**WORK ITEM**
Extract word for word the lines of the listing from its start to the line holding "Чугунная банная печь", both ends kept; pictures are not part of the copy.

· · · ·

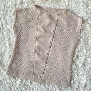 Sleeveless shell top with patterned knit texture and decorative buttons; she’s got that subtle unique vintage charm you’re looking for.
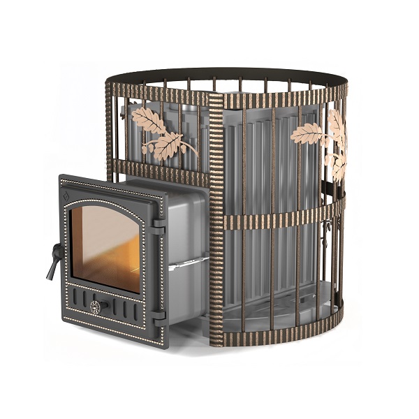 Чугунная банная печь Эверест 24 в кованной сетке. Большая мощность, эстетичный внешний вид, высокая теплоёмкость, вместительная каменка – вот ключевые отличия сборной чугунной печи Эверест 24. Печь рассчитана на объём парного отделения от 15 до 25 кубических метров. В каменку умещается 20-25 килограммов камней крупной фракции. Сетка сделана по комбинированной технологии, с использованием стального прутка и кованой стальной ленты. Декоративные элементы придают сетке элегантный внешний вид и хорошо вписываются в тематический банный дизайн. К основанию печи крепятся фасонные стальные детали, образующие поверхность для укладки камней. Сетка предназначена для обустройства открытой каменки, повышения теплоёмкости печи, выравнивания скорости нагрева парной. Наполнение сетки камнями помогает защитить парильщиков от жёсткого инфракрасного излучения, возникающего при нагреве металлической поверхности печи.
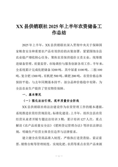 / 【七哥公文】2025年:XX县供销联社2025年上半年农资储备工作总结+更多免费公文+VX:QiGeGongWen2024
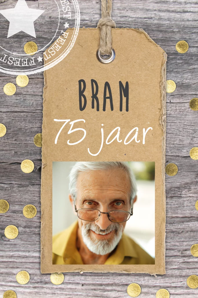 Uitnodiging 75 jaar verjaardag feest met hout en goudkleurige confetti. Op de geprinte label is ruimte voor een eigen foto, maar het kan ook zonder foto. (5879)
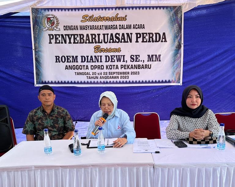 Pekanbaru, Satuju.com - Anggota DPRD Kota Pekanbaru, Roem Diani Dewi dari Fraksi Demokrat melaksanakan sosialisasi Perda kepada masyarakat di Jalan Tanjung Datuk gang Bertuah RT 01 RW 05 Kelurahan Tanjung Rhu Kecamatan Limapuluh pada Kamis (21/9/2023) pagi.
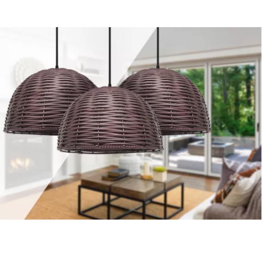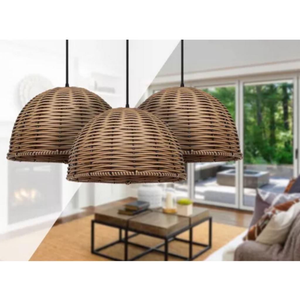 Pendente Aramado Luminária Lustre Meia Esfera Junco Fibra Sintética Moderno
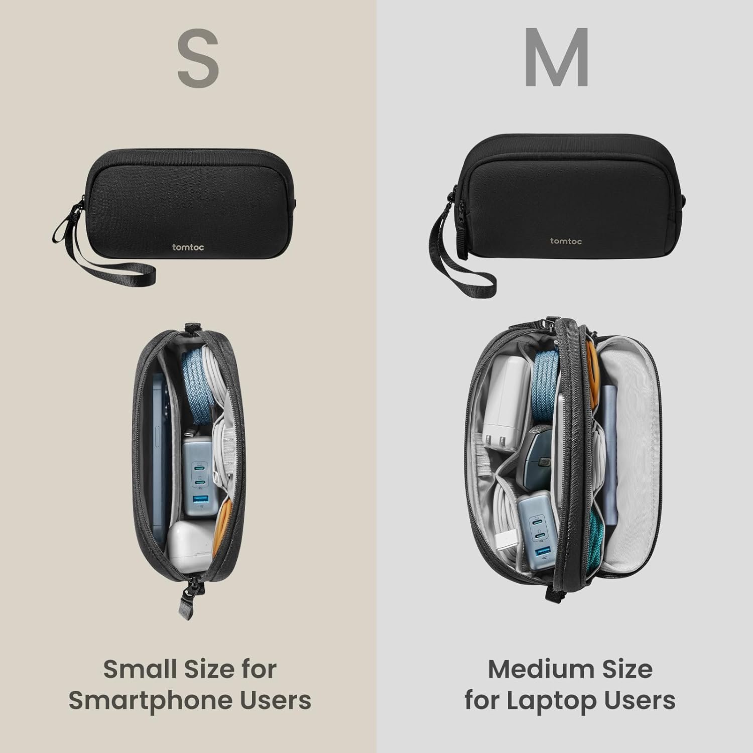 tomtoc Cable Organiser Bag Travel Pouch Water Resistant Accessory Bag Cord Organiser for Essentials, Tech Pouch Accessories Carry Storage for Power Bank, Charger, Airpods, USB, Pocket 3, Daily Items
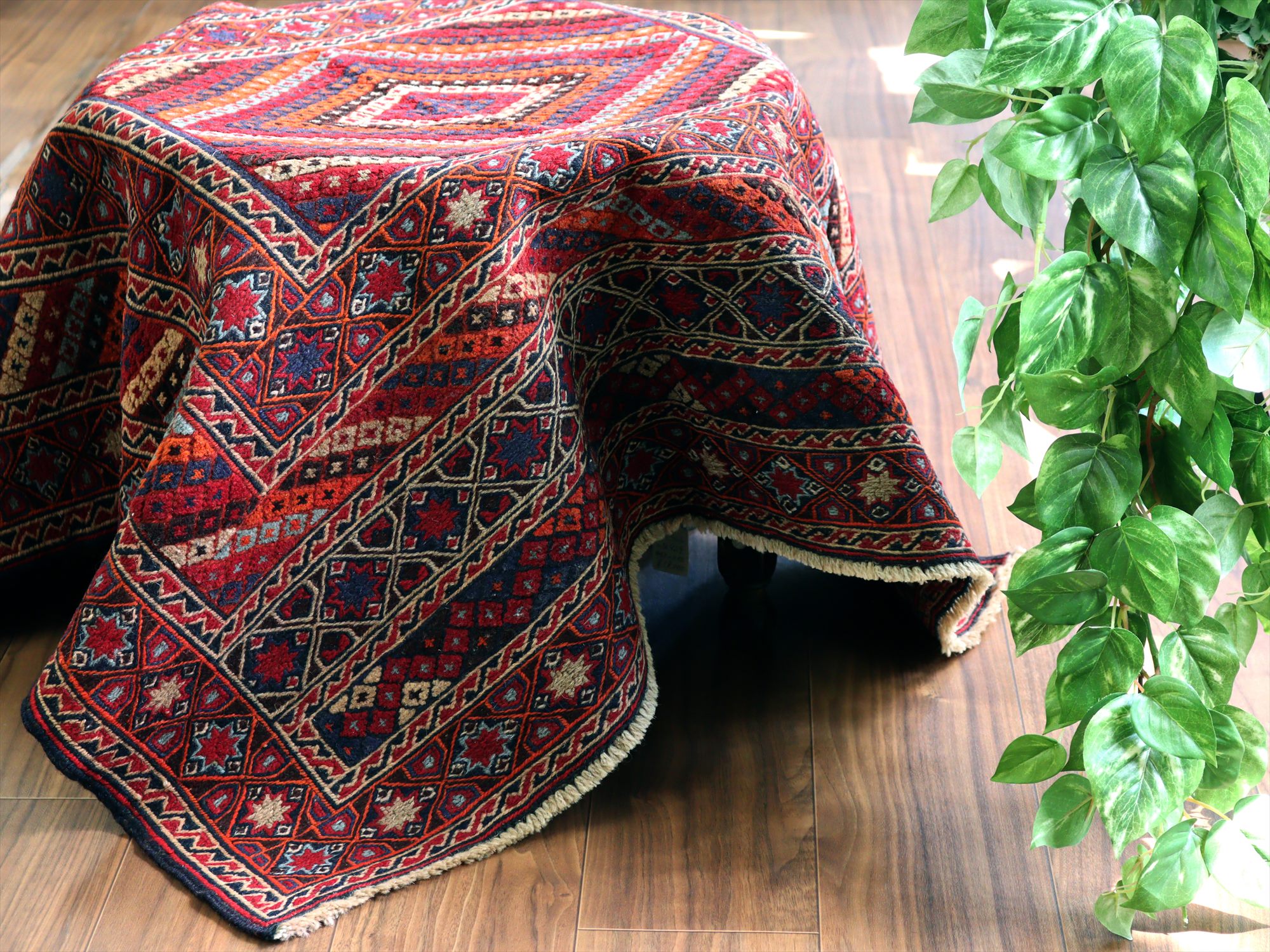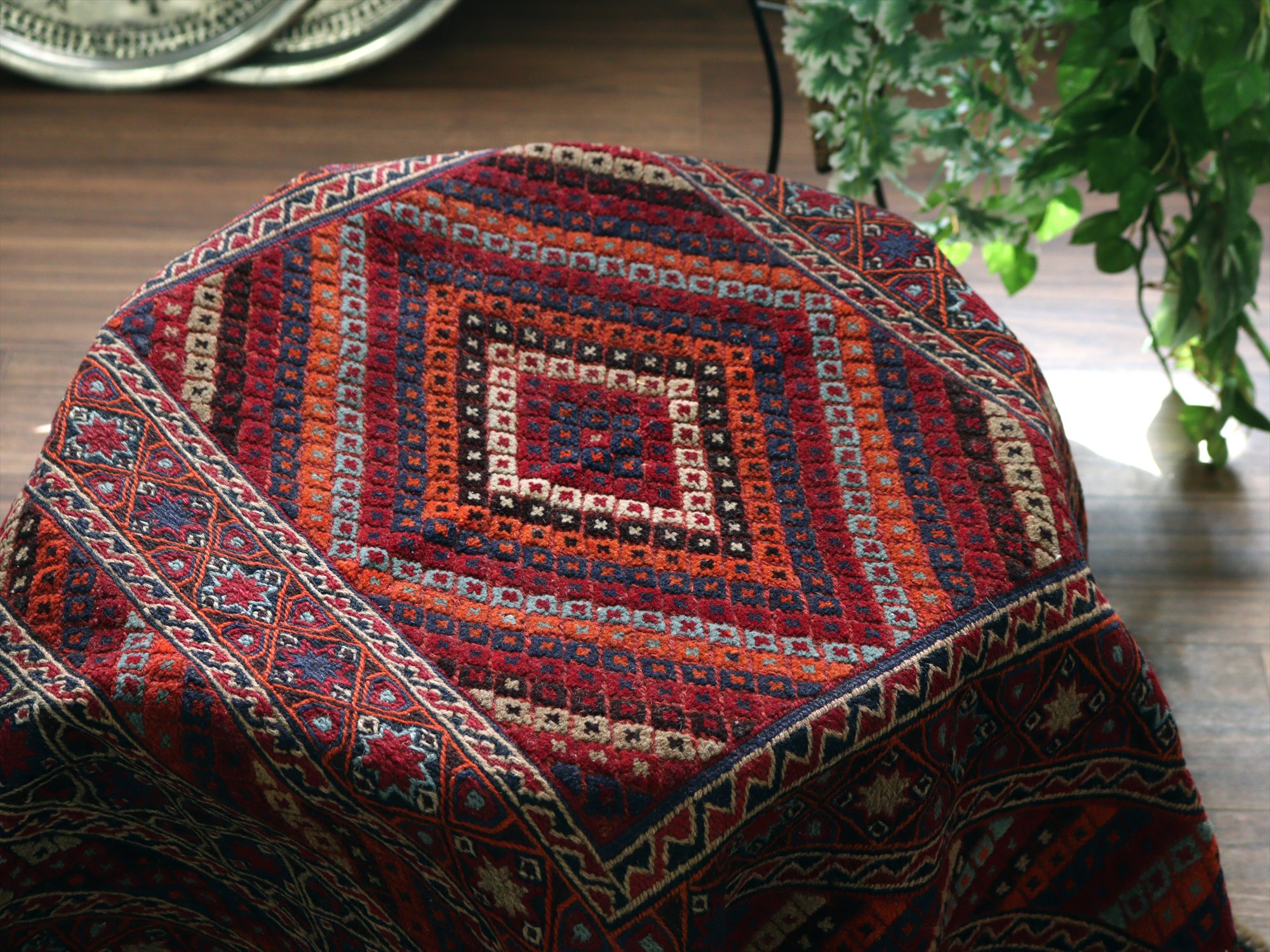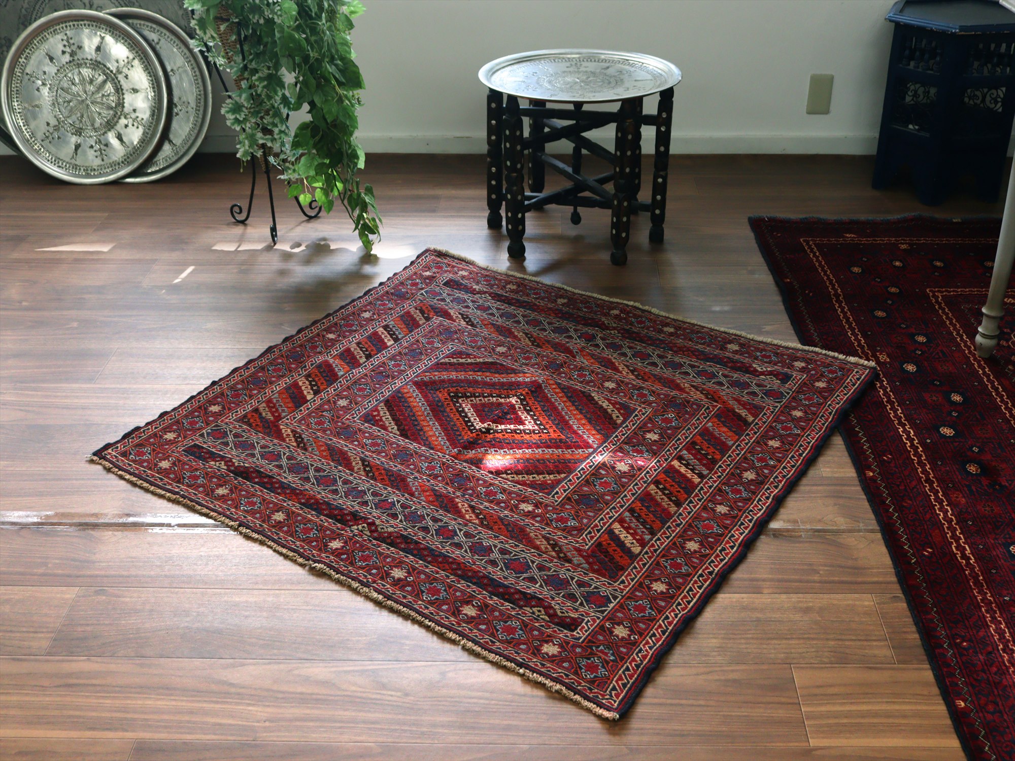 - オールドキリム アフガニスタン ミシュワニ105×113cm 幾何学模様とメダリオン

· · · ·

**WRITTEN ANSWER**
 Sleeveless shell top with patterned knit texture and decorative buttons; she’s got that subtle unique vintage charm you’re looking for.
 Чугунная банная печь Эверест 24 в кованной сетке. Большая мощность, эстетичный внешний вид, высокая теплоёмкость, вместительная каменка – вот ключевые отличия сборной чугунной печи Эверест 24. Печь рассчитана на объём парного отделения от 15 до 25 кубических метров. В каменку умещается 20-25 килограммов камней крупной фракции. Сетка сделана по комбинированной технологии, с использованием стального прутка и кованой стальной ленты. Декоративные элементы придают сетке элегантный внешний вид и хорошо вписываются в тематический банный дизайн. К основанию печи крепятся фасонные стальные детали, образующие поверхность для укладки камней. Сетка предназначена для обустройства открытой каменки, повышения теплоёмкости печи, выравнивания скорости нагрева парной. Наполнение сетки камнями помогает защитить парильщиков от жёсткого инфракрасного излучения, возникающего при нагреве металлической поверхности печи.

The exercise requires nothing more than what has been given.